16-07-2021 [11:07] - Pani Anna | Link:

@Sake, czytajze kobito ze zrozumieniem,  chociaż  raz. Co ja innego napisałam?  A co do degrengolady, to nie zauważyłaś jeszcze, że  szkoły  już nie istnieja, nauczanie zdalne to fikcja, a bandzie rozleniwionych i zmanierowanych "nauczycieli" ani się śni wracać do szkół?

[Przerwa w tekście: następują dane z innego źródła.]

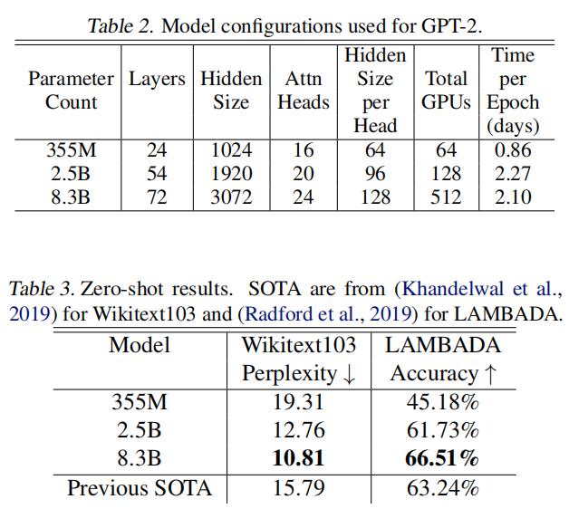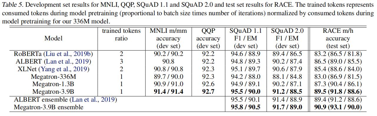 - To demonstrate that large language models can further advance the state of the art (SOTA), we train an 8.3 billion parameter transformer language model similar to GPT-2 and a 3.9 billion parameter model similar to BERT.We show that careful attention to the placement of layer normalization in BERT-like models is critical to achieving increased performance as the model size grows. Using the GPT-2 model we achieve SOTA results on the WikiText103 (10.8 compared to SOTA perplexity of 15.8) and LAMBADA (66.5% compared to SOTA accuracy of 63.2%) datasets. Our BERT model achieves SOTA results on the RACE dataset (90.9% compared to SOTA accuracy of 89.4%).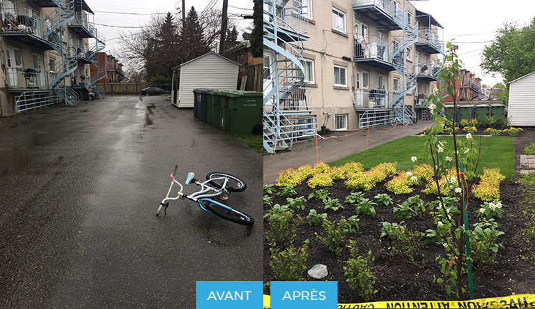 Des sites asphaltés seront transformés en espaces verts collectifs dans Saint-Laurent d’ici 2020. L’initiative Sous les pavés mobilise les résidents du quartier, qui procèdent à la main aux aménagements des sols.

Obrazek użytkownika Centrystka

16-07-2021 [02:54] - Centrystka | Link:

"Cieszy mnie ogromnie, że Minister Czarnek raczył przypomnieć publicznie o polskim fenomenie "cnót niewieścich". Temat ten wymaga dokładnego omówienia, dlatego sądzę, że należy zająć się nim w osobnym wpisie. "
Jak widać,Autorka nie zamierza opuścić XIX w.uważając,że tymi ramotami,zwłaszcza o takiej tematyce, wzbudzi jakiekolwiek zainteresowanie czytelników trzeciej dekady XXI w., oczywiście poza naukowcami badającymi - podobnie jak Autorka - dziewiętnastowieczne piśmiennictwo i obyczaje. A ci do min.Czarnka,to  nie tylko w tej sprawie zamierza on cofnąć polskie szkolnictwo do XIX w. - nie przeraża to Pani Autorki...? I co to znaczy, że owe cnoty niewieście to jest polski fenomen? Przecież autorem tych mądrości tak obficie tu cytowanych nie jest nawet Polak,ale jakiś chyba włoski autor.

Obrazek użytkownika sake3

16-07-2021 [14:02] - sake3 | Link:

@dr Anna......W swoim przydługim tekście raptem jedno zdanie odniesienia do polskiej rzeczywistości.Czy ,,cnoty''mają obowiązywac tylko kobiety,mężczyzn już nie?Uważam że skoro wszyscy jesteśmy równi to i wymagania wobec nas i naszej moralności powinny być też równe.Minister ma na swoim koncie sporo dziwacznych wypowiedzi co powoduje wzrost agresji wobec niego.Jako Minister Edukacji nie powinien się mieszać do dyskusji światopoglądowych koncentrując się na nauce.Wszak do września już niedaleko.Sprawa edukacji to nie tylko problem lekcji religii w szkołach i minister musi skupiać się na wszystkich problemach nauki.Już od chwili objęcia urzędu napotykał trudności,groźby,próby ośmieszania i nieustanne oskarżanie ponieważ jest politykiem kojarzonym z PiS.Nawet tu ma Pani komentarz oskarżający go o zdalne nauczanie podczas pandemii i degrengoladę w szkołach.Jakoś nikt nie oskarża J.Korwin-Mikke o wysyłanie kobiet do garów co miało miejsce niedawno podczas jakiegoś spotkania KOnfederacji w terenie.Nawet jakiś nieletni chłopczyk zaprotestował.Ale minister nie może sobie pozwolić na nieprzemyślane wypowiedzi.